Apple and Google’s support of Contact Tracing apps is a paradigm shift for State surveillance

TL;DR I’m not arguing against contact tracing apps; I’m critical of Apple and Google’s approach.

In the past months our Iphones and Androids received operating systems updates, a joint effort by the two companies to help in the fight against COVID-19. The updates introduced new operating system functions for applications (APIs Application Programming Interfaces) to enable Contact Tracing apps developed by national health authorities. Without this update, Tracing Apps can’t work properly, mainly due to bluetooth power management by iphones.

When an iphone’s screen is off, it detects bluetooth beacons but does not emit them. It’s mute but not deaf. So, when an android meets a ‘mute’ Iphone, it cannot detect the contact. In a nutshell, Apple’s and Google’s APIs allow for a different management of the iphone’s Bluetooth to enable mutual detection of the contact also when the iphone’s screen is off.

The companies have decided that this functionality is reserved exclusively for States’ authorities.

This is the critical part: Apple and Google have agreed to provide States with a feature that bypasses the normal operations of the operating system and enables State Apps to do things the rest of developers are vetoed to.

Let’s forget the Covid emergency for a moment and reread the sentence above: functions on our devices that only State authorities can access.

Since this path has been taken, which reserved functions will States ask Google and Apple tomorrow ? Once this path has been taken, is it irrational to think that States will ask similar backdoors for surveillance purposes, obviously keeping them secret ?

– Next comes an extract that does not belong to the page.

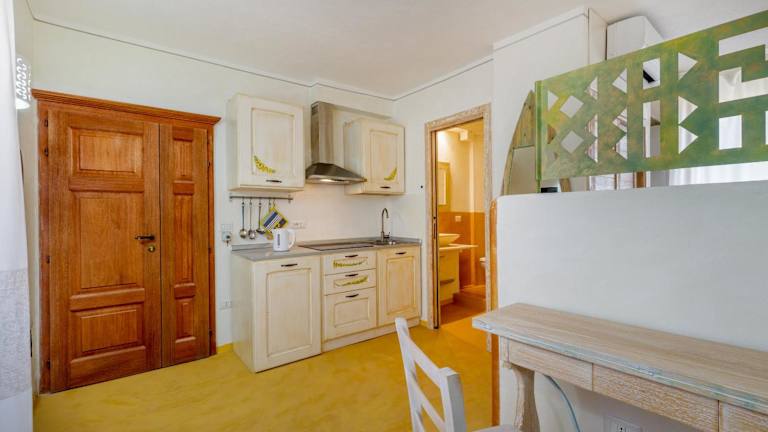 Jede Wohneinheit verfügt über eine voll ausgestattete Küchenzeile mit einem Esstisch, einem Kühlschrank, einer Mikrowelle, einer Herdplatte sowie einem Wasserkocher.

Opening the source code of States’ apps won’t help much in inspecting what Apps really do. “Reproducible build” is a technical process to check if a source code corresponds with the Apps we download from the stores. Because of technical reasons, it is not possible to have an independent, byte-for-byte verification of all Apps using State reserved functions: The possibility of democratic oversight is undermined.

We welcome the effort of the duopolistic companies to make a contribution to public health. But this paradigm shift, making some functions reserved only to States’ authorities, is unacceptable. Reserving APIs to States is a paradigm echoing behaviors of totalitarian regimes, even worse of what George Orwell thought of.

We should welcome national health authorities who employ all available techniques in order to protect public health. The problem is not them using these APIs: they exist today, even if health authorities don’t use them.

The problem lies upstream; it lies in the concept itself that our devices, the homes of our digital dimension, provide services exclusively accessible to States’ authorities.

A striking difference with what William Pitt, 1st Earl of Chatham, who served as Prime Minister of Great Britain, said in 1763:
“The poorest man may in his cottage bid defiance to all the forces of the crown. It may be frail – its roof may shake – the wind may blow through it – the storm may enter – the rain may enter – but the King of England cannot enter.”